Bad news about inflation and interest rates in South Africa
South African annual inflation accelerated in September, moving further away from the central bank’s preferred 3% target and reducing the likelihood of an interest-rate cut when officials meet next month.
Consumer prices rose 3.4%, compared with 3.3% in August, Pretoria-based Statistics South Africa said in a statement on its website on Wednesday.

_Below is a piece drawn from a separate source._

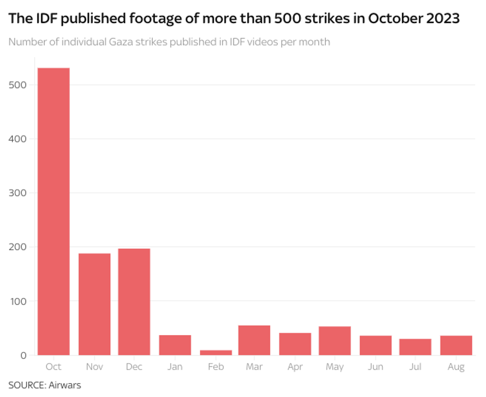 The Israel Defense Forces (IDF) posted videos of 1,219 strikes between October 7, 2023 and August 31—the period studied—nearly half of which came from the first month of the war. The IDF often overlays captions citing Hamas targets. Most of the videos are grainy, with people on the ground not visible, deaths not directly evident, and locations unclear.
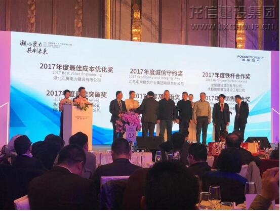 12月18日,復星地產2017年度“凝心聚力,共創(chuàng)未來”合作供應商大會在上海萬達瑞華酒店勝利召開。龍信集團被復星地產授予“2017年度鐵桿合作獎”榮譽稱號,龍信二分公司二部經理施建昌應邀出席頒獎大會并領獎。

That matched the median estimate of 12 economists in a Bloomberg survey.
“Annual inflation accelerated across several product categories, most notably transport and restaurants & accommodation,” the agency said.
The pickup in inflation may persuade the central bank’s monetary policy committee to again keep its key interest rate at 7% on Nov. 20 to help guide inflation back toward its 3% goal, Bloomberg Economics Africa Economist Yvonne Mhango said before the release.
Forward rate agreements — used to speculate on borrowing costs — are still pricing in a 60% chance of a cut at the MPC’s last meeting of the year.
The rand erased a gain, while benchmark 2035 government bond yields rose from session lows.
The MPC in July indicated a preference for inflation to settle at the floor of its 3% to 6% target band instead of the 4.5% midpoint.
Reserve Bank Governor Lesetja Kganyago cautioned earlier this month that while inflation looks “relatively contained,” near-term overshoots are still expected.
The central bank’s quarterly projection model sees inflation peaking at 4% this quarter before easing to 3% by end-2027.